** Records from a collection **
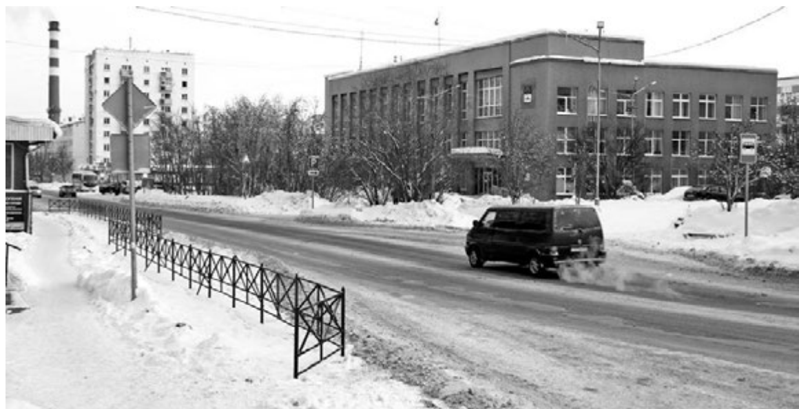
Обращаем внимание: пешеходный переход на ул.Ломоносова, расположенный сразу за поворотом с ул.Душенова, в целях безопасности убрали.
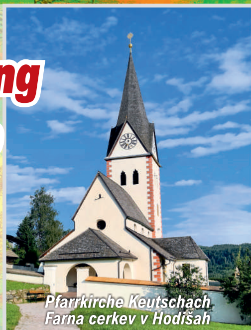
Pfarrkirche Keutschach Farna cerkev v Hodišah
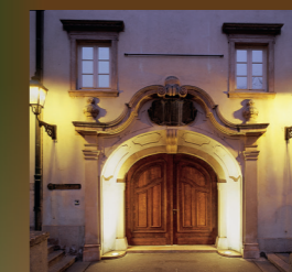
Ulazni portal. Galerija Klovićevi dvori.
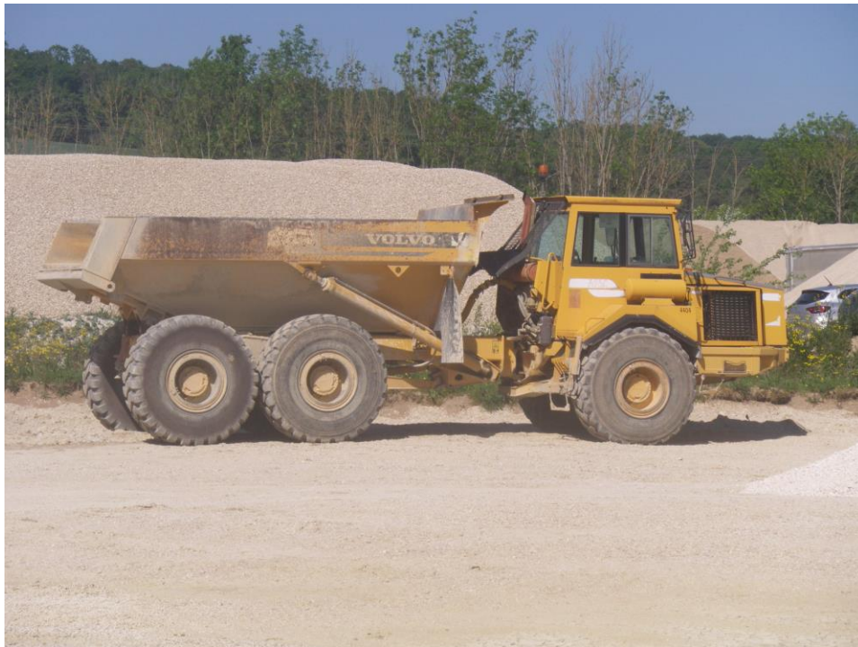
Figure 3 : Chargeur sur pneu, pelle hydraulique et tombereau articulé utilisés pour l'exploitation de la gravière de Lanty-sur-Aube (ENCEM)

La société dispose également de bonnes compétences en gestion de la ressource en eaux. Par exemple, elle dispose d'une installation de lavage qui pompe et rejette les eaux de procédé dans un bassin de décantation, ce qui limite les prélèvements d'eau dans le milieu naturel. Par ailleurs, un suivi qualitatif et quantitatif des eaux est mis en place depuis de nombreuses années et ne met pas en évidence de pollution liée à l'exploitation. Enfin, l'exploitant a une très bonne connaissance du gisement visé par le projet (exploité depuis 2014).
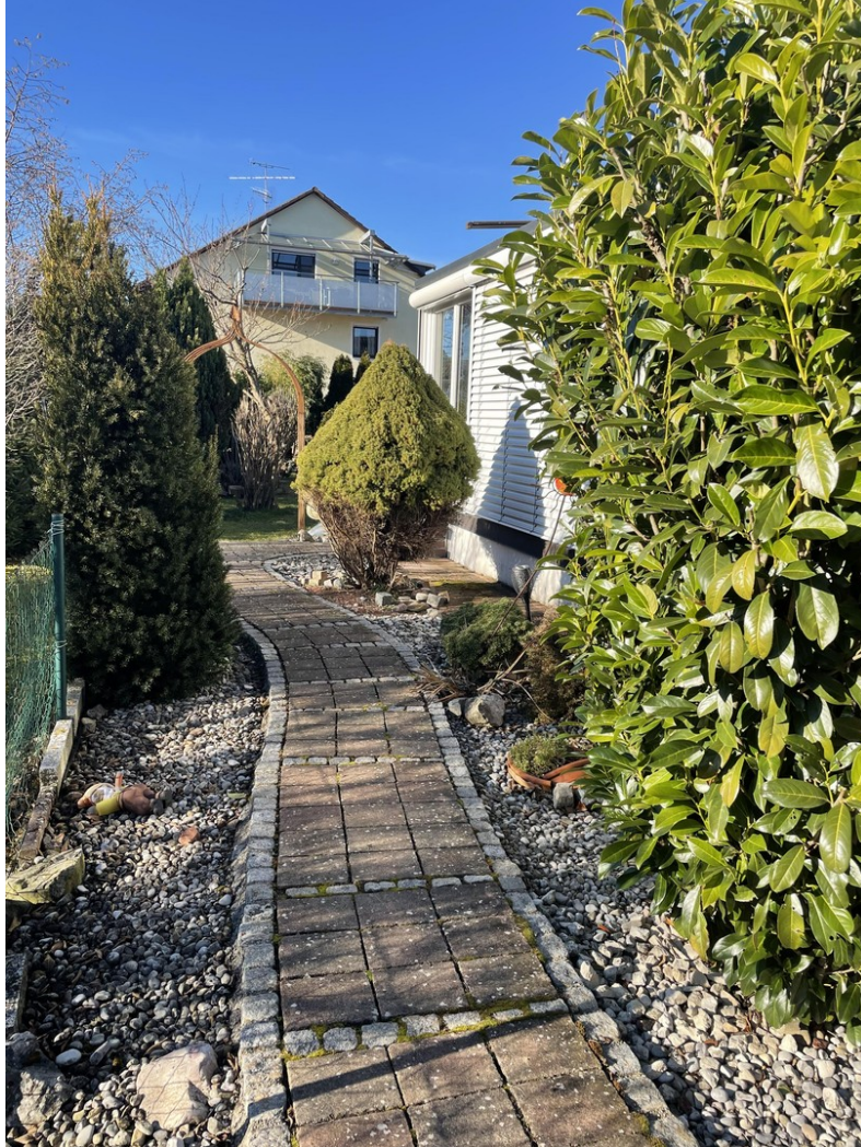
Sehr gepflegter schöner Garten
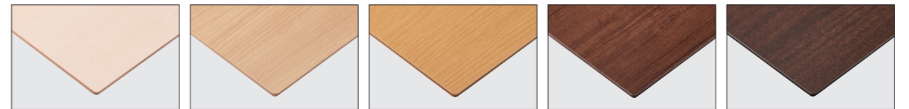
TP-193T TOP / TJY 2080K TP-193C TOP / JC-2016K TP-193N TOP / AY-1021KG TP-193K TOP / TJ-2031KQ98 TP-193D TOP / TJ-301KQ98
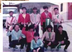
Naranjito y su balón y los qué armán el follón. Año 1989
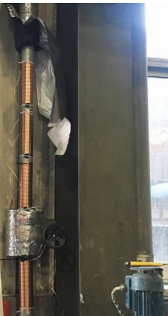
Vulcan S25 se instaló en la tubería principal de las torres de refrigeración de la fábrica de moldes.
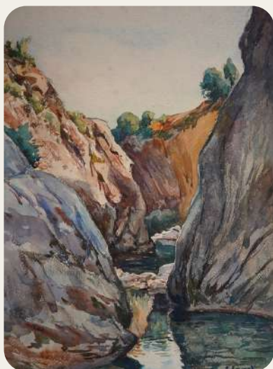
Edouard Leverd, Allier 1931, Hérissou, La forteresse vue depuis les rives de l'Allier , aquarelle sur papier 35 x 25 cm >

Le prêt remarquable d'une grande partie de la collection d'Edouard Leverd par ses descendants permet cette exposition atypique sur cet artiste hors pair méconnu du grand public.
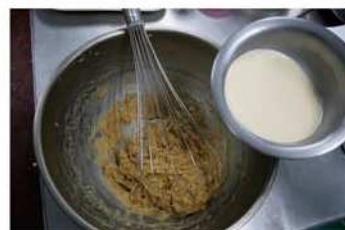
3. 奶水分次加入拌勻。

** Exercise brief **
Every line from the one containing "Le prêt remarquable" to the final line of the records must be transcribed exactly, both ends included, with the pictures left out.

** Reply to the task **
Le prêt remarquable d'une grande partie de la collection d'Edouard Leverd par ses descendants permet cette exposition atypique sur cet artiste hors pair méconnu du grand public.
3. 奶水分次加入拌勻。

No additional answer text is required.